PROBLEM DETAILS: Retype the listing exactly; omit pictures.

GIVEN MATERIAL:
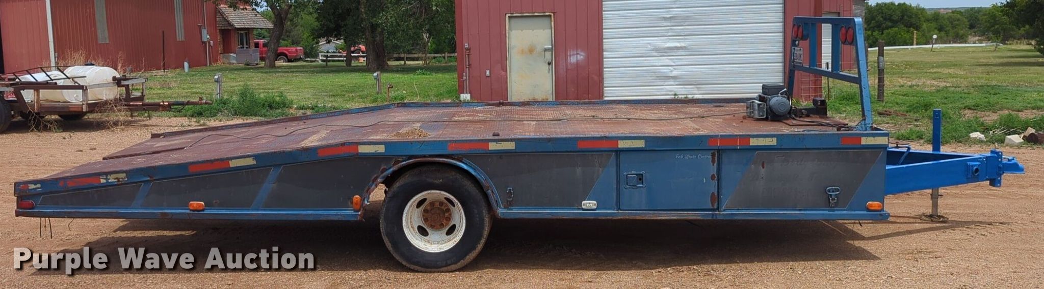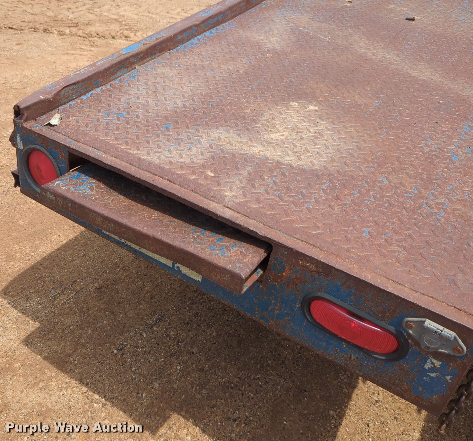 Purple Wave is selling a used Equip. Trailer in Oklahoma. This item is a Shop built equipment trailer with the following: Overall: 25' L x 96" W, Deck: 20' L x 96" W, Tail length: 7' 6", Ramps: Manual, Length: 6'
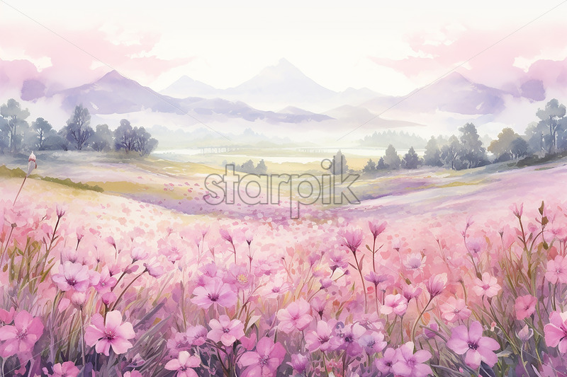 Generative AI a mountain landscape with a plain full of multicolored flowers and different species
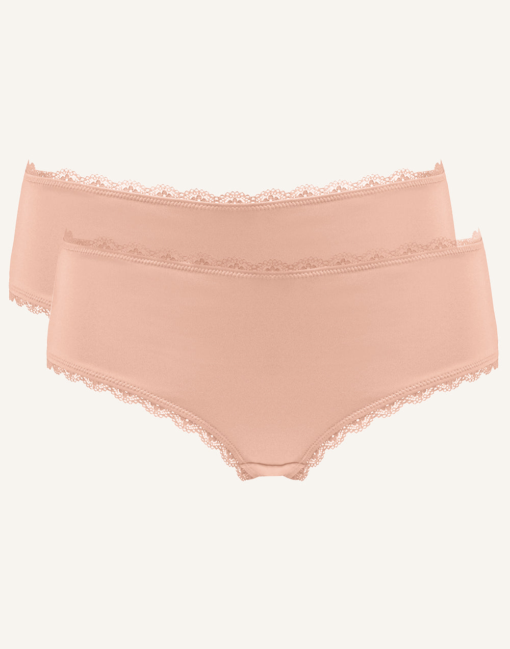 These knickers in the soft shade bellini are your everyday companion and they come in a twin pack! Playful lace adorns the waistband and leg openings of these classic knickers, turning this basic into a real eye-catcher. Your curves are flattered to perfection and the soft material prevents cutting in – so your underwear makes everyday life something special.

COMPLETED EXERCISE:
 Purple Wave is selling a used Equip. Trailer in Oklahoma. This item is a Shop built equipment trailer with the following: Overall: 25' L x 96" W, Deck: 20' L x 96" W, Tail length: 7' 6", Ramps: Manual, Length: 6'
 Generative AI a mountain landscape with a plain full of multicolored flowers and different species
 These knickers in the soft shade bellini are your everyday companion and they come in a twin pack! Playful lace adorns the waistband and leg openings of these classic knickers, turning this basic into a real eye-catcher. Your curves are flattered to perfection and the soft material prevents cutting in – so your underwear makes everyday life something special.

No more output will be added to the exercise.